“Damn these red-headed old women!” he muttered in his beard. “There’s no doing anything with them! The idea of my going to her to propose for Miss Van Tuyn! What next, I wonder?”

When he was out in Brook Street he hesitated for a moment, then took out his watch and looked at it. Half-past three! He thought of the Wallace Collection. It seemed to draw him strangely just then. He put his watch back and walked towards Manchester Square.

He had gained the Square and was about to enter the enclosure before Hertford House by the gateway on the left, when he saw Miss Van Tuyn come out by the gateway on the right, and walk slowly towards Oxford Street in deep conversation with a small horsey-looking man, whose face he could not see, but whose back and legs, and whose dress and headgear, strongly suggested to him the ring at Newmarket and the Paddock at Ascot.

Braybrooke hesitated. The attraction of the Wallace Collection no longer drew him. Besides, it was getting late. On the other hand, he scarcely liked to interrupt an earnest tete-a-tete. If it had not been that he was exceptionally strung up at that moment he would probably have gone quietly off to one of his clubs. But who knew what that foolish old woman at Claridge’s might say to Miss Van Tuyn when she reached her hotel? It really was essential in the sacred interest of truth that he should forestall Fanny Cronin. The jockey—if it was a jockey—Miss Van Tuyn was with must put up with an interruption. But the interruption must be brought about naturally. It would not do to come up behind them.
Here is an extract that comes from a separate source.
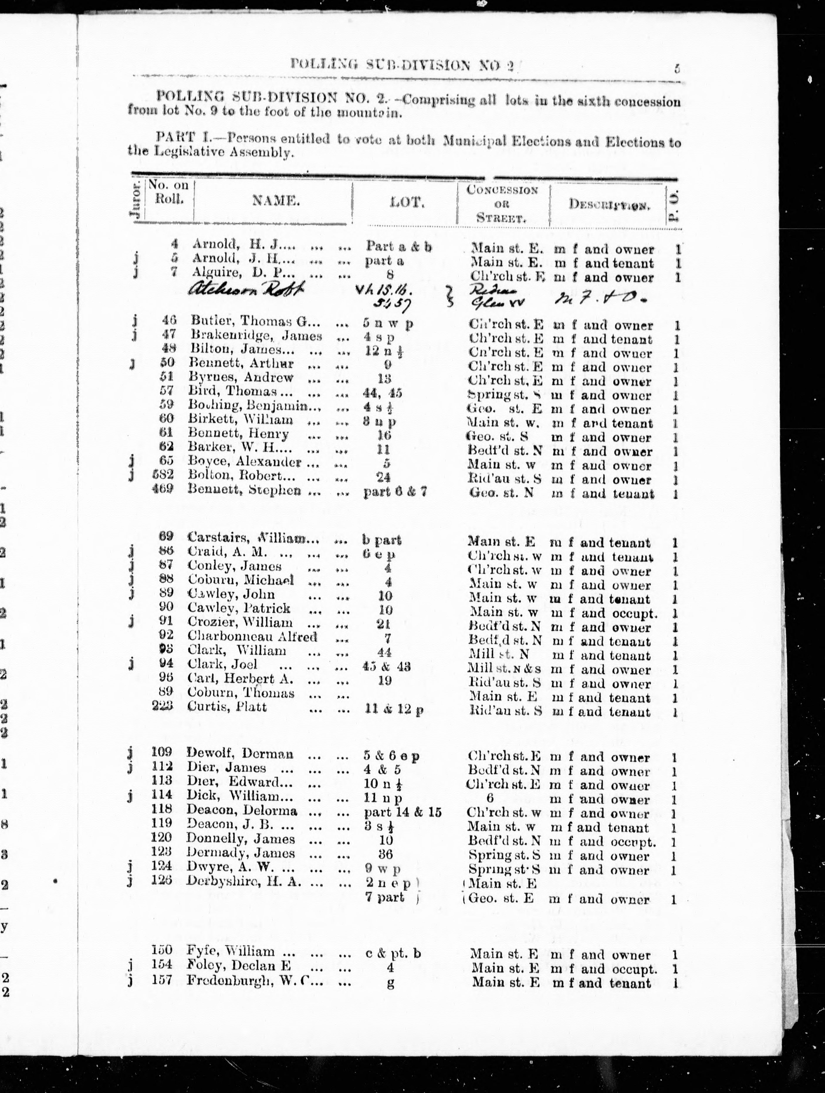 Voters' list, 1892 : municipality of the township of North Crosby.

That would seem too intrusive. He must manage to skip round deftly when the occasion offered, and by a piece of masterly strategy to come upon them face to face.
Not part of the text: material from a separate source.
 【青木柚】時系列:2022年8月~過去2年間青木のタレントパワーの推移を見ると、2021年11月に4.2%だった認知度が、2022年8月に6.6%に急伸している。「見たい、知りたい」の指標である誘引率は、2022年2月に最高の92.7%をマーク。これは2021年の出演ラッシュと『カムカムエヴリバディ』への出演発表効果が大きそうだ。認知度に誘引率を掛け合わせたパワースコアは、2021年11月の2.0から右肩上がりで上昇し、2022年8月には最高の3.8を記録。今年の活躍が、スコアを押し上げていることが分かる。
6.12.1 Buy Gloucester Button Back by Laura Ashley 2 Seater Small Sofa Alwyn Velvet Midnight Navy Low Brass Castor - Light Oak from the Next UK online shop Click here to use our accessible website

Seized of this intention Braybrooke did a thing he had never done before; he “dogged” two human beings, walking with infinite precaution.

His quarry presently turned into the thronging crowds of Oxford Street and made towards the Marble Arch, keeping to the right-hand pavement. Braybrooke saw his opportunity. He dodged across the road to an island, waited there till a policeman, extending a woollen thumb, stopped the traffic, then gained the opposite pavement, hurried decorously on that side towards the Marble Arch, and after a sprint of perhaps a couple of hundred yards recrossed the street almost at the risk of his life, and walked warily back towards Oxford Circus, keeping his eyes wide open.

Before many minutes had passed he discerned the graceful and athletic figure of Miss Van Tuyn coming towards him; then, immediately afterwards, he caught a glimpse of a blue shaven face with an aquiline nose beside her, and realized that the man he had taken for a jockey was Dick Garstin, the famous painter.

As Braybrooke knew everyone, he, of course, knew Garstin, and he wondered now why he had not recognized his back at Manchester Square. Perhaps his mind had been too engrossed with Fanny Cronin and the outrage at Claridge’s. He only knew the painter slightly, just sufficiently to dislike him very much. Indeed, only the acknowledged eminence of the man induced Braybrooke to have anything to do with him. But one has to know publicly acclaimed geniuses or consent to be thoroughly out of it. So Braybrooke included Garstin in the enormous circle of his acquaintances, and went to his private views.

But now the recognition gave him pause, and he almost wished he had not taken so much trouble to meet Miss Van Tuyn and her companion. For he could say nothing he wanted to say while Garstin was there. And the man was so damnably unconventional, in fact, so downright rude, and so totally devoid of all delicacy, all insight in social matters, that even if he saw that Braybrooke wanted a quiet word with Miss Van Tuyn he would probably not let him have it. However, it was too late now to avoid the steadily advancing couple. Miss Van Tuyn had seen Braybrooke, and sent him a smile. In a moment he was face to face with them, and she stopped to greet him.

“I have been spending an hour at the Wallace Collection with Mr. Garstin,” she said. “And quarrelling with him all the time. His views on French art are impossible.”